◆ **Activity**: Set down each record exactly. Omit the pictures.

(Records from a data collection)
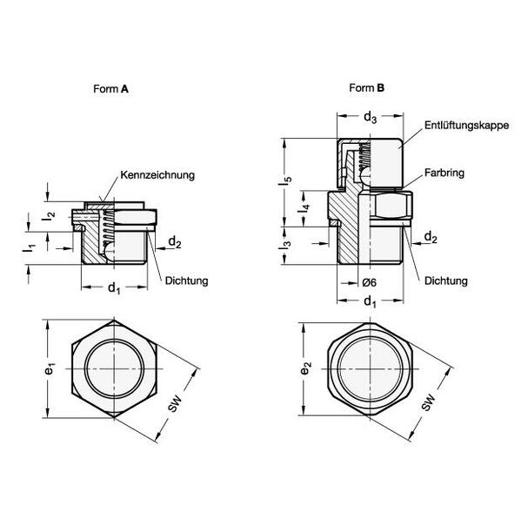 Entlüftungsventile GN 883-M16X1,5-20-B-MS
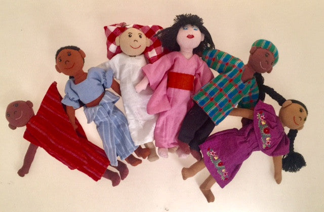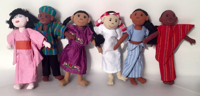Ethnic Doll Set consists of Mexican, Japanese, Ghanaian, Arabian, Sri Lankan and Kenyan dolls.
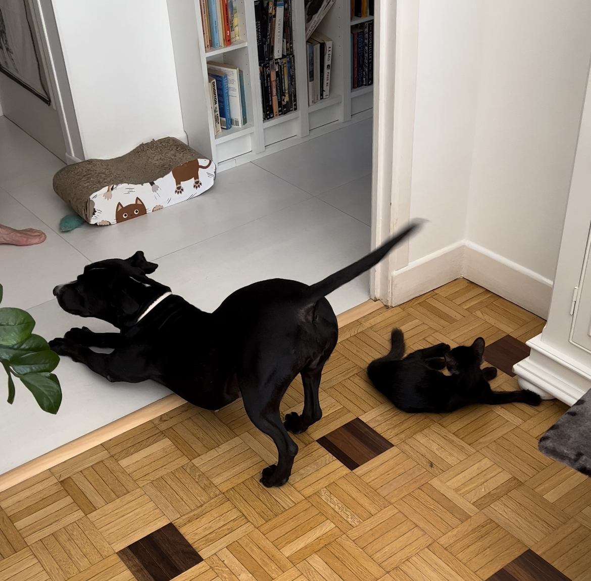 Très proche du chat de la famille, elle s’y est attachée dès le premier jour.
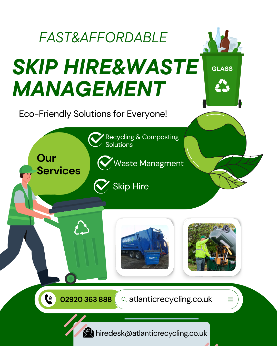 Atlantic Recycling provides professional skip hire in Cardiff, Caerphilly, Newport, Barry, Bridgend, and Swansea. We offer reliable domestic and commercial waste collection, responsible recycling, and eco-friendly solutions. From home clear-outs to construction projects, our services make waste management simple, efficient, and environmentally responsible for homes and businesses across South Wales.Atlantic Recycling provides professional skip hire in Cardiff, Caerphilly, Newport, Barry, Bridgend, and Swansea. We offer reliable domestic and commercial waste collection, responsible recycling, and eco-friendly solutions. From home clear-outs to construction projects, our services make waste management simple, efficient, and environmentally responsible for homes and businesses across South Wales.0 Comentarios 0 Acciones 51 Vistos 0 Reseñas¡Inicia sesión para dar me gusta, compartir y comentar!
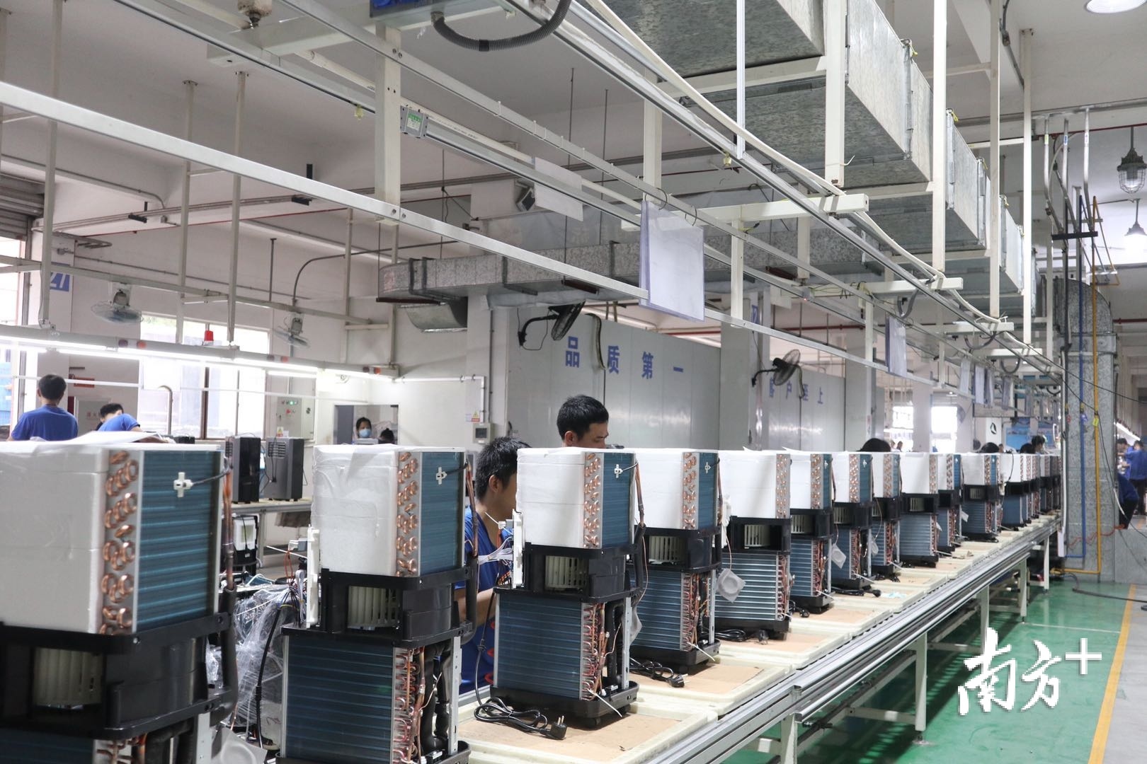 U型全流程生产线飞速运作,80多道流程有条不紊进行,仓库里数万件移动空调、抽湿机正准备发往海外。
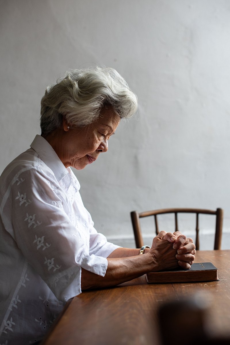 Elderly woman praying quietly. https://www.rawpixel.com/image/26012165/elderly-woman-praying-quietlyView license
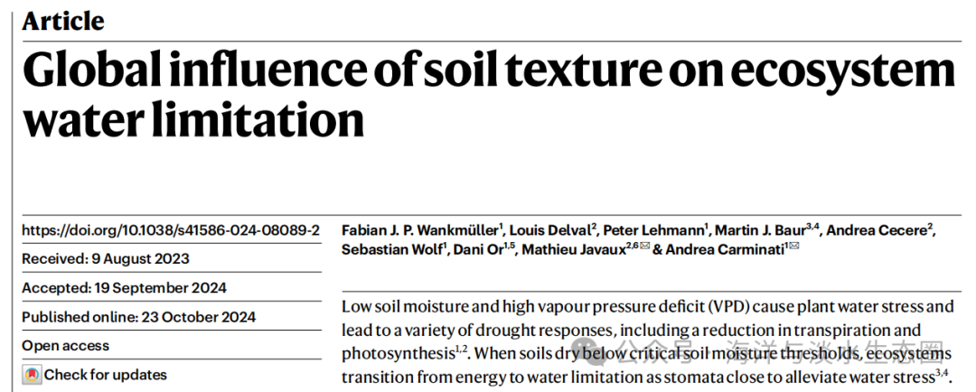 这篇《Nature》提醒我们,在应对气候变化的挑战时,不仅要抬头看天(大气),也要低头看地(土壤)。理解并尊重这片孕育生命的基质其内在的物理规律,或许是我们守护绿水青山、构建气候韧性的智慧起点。
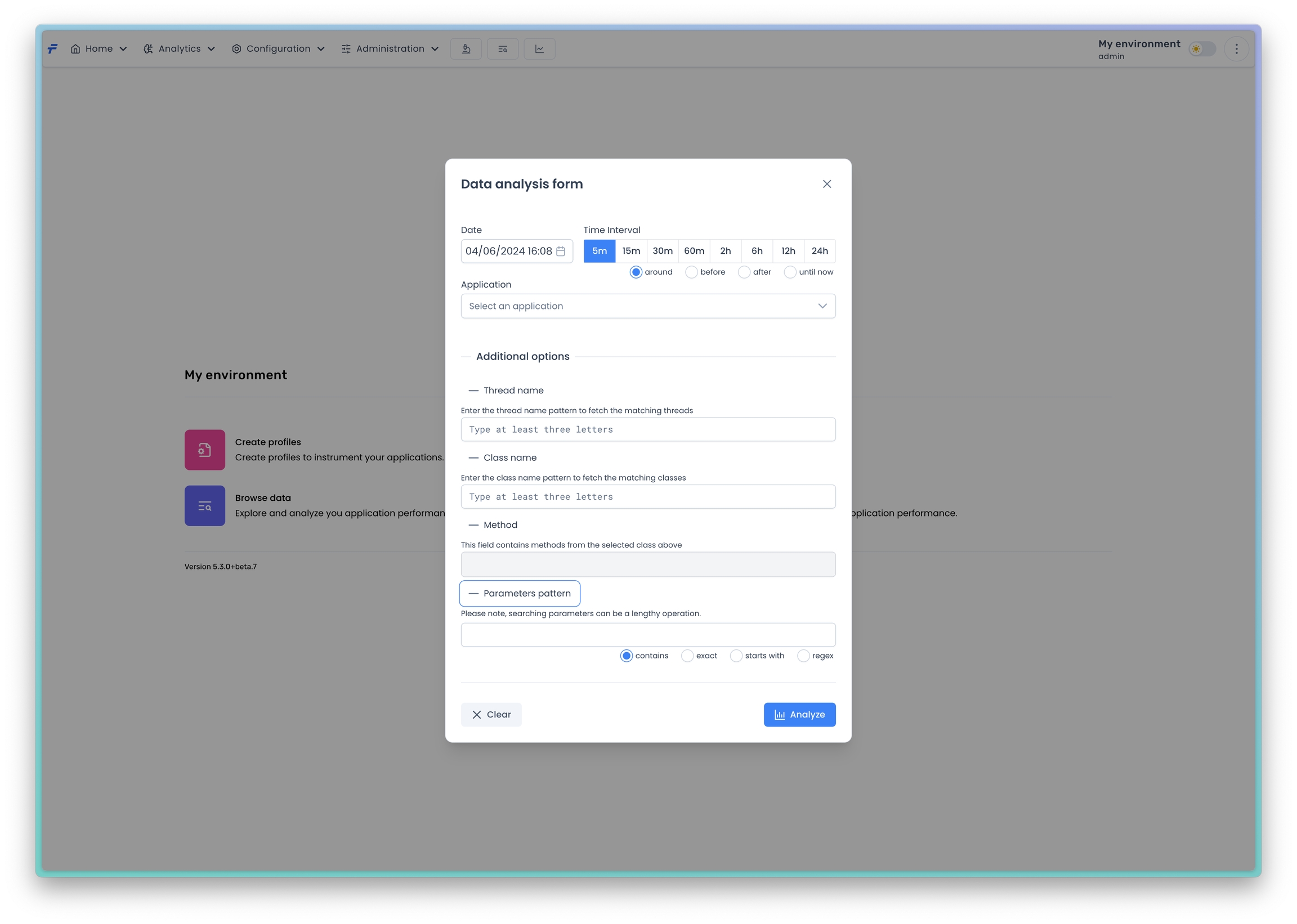 This view is useful when you want to analyze your collected method invocations. There are only two fields that need to be fill out. You must specify both the date range and the application. Then, the analysis will be performed for those method invocations which ended within the specified time range and came from the specified application.
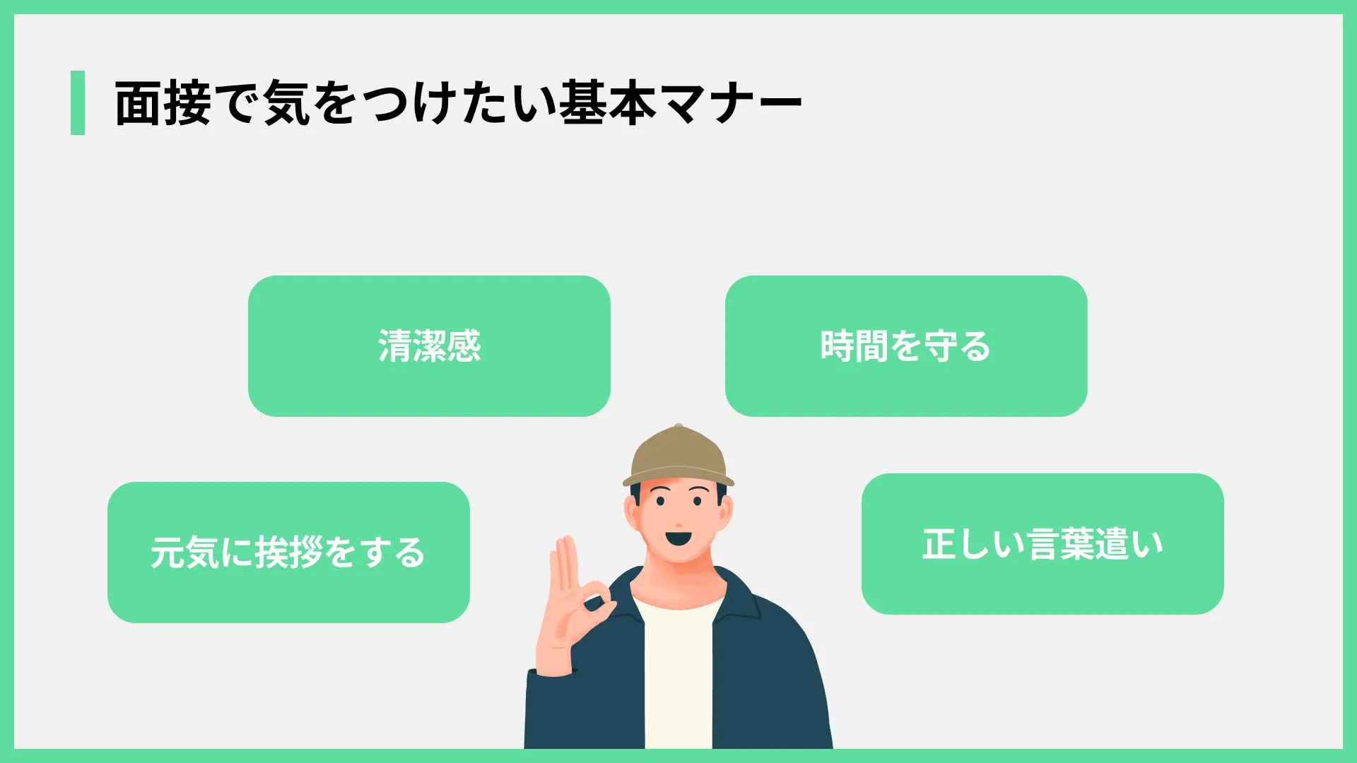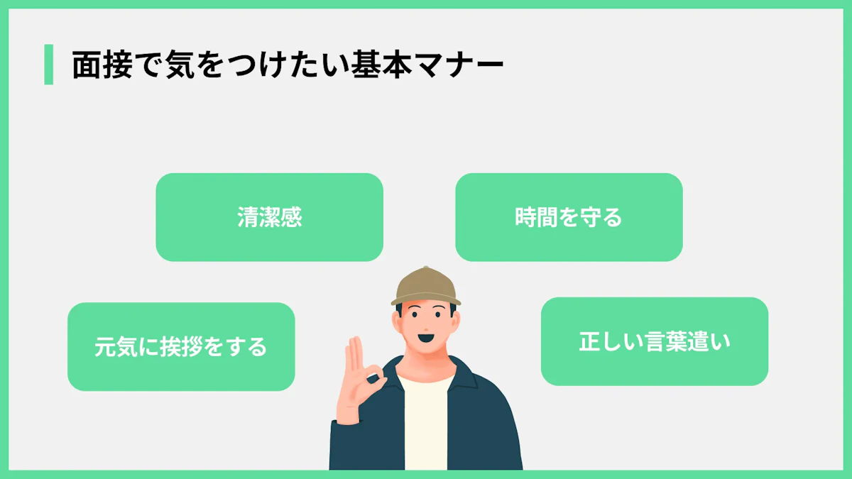 - 言葉遣いや身だしなみなど、基本的なマナーが大切
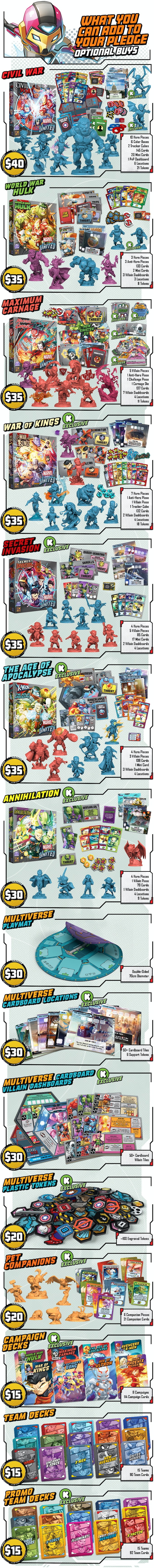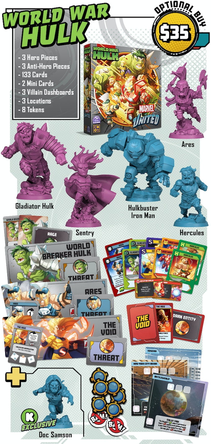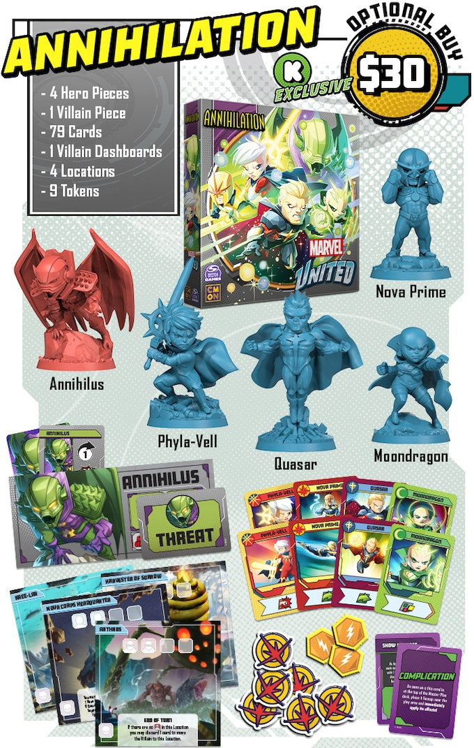 Marvel United is opening the Multiverse wide open and bringing it into this fast-paced cooperative game. Build your team of Heroes from all realities and join forces to thwart the master plan of the most powerful Villains across all timelines. With your special equipment at your side, even the biggest obstacle can be toppled.

◆ **Answer section**:
 Entlüftungsventile GN 883-M16X1,5-20-B-MS
Ethnic Doll Set consists of Mexican, Japanese, Ghanaian, Arabian, Sri Lankan and Kenyan dolls.
 Très proche du chat de la famille, elle s’y est attachée dès le premier jour.
 Atlantic Recycling provides professional skip hire in Cardiff, Caerphilly, Newport, Barry, Bridgend, and Swansea. We offer reliable domestic and commercial waste collection, responsible recycling, and eco-friendly solutions. From home clear-outs to construction projects, our services make waste management simple, efficient, and environmentally responsible for homes and businesses across South Wales.Atlantic Recycling provides professional skip hire in Cardiff, Caerphilly, Newport, Barry, Bridgend, and Swansea. We offer reliable domestic and commercial waste collection, responsible recycling, and eco-friendly solutions. From home clear-outs to construction projects, our services make waste management simple, efficient, and environmentally responsible for homes and businesses across South Wales.0 Comentarios 0 Acciones 51 Vistos 0 Reseñas¡Inicia sesión para dar me gusta, compartir y comentar!
 U型全流程生产线飞速运作,80多道流程有条不紊进行,仓库里数万件移动空调、抽湿机正准备发往海外。
 Elderly woman praying quietly. https://www.rawpixel.com/image/26012165/elderly-woman-praying-quietlyView license
 这篇《Nature》提醒我们,在应对气候变化的挑战时,不仅要抬头看天(大气),也要低头看地(土壤)。理解并尊重这片孕育生命的基质其内在的物理规律,或许是我们守护绿水青山、构建气候韧性的智慧起点。
 This view is useful when you want to analyze your collected method invocations. There are only two fields that need to be fill out. You must specify both the date range and the application. Then, the analysis will be performed for those method invocations which ended within the specified time range and came from the specified application.
 - 言葉遣いや身だしなみなど、基本的なマナーが大切
 Marvel United is opening the Multiverse wide open and bringing it into this fast-paced cooperative game. Build your team of Heroes from all realities and join forces to thwart the master plan of the most powerful Villains across all timelines. With your special equipment at your side, even the biggest obstacle can be toppled.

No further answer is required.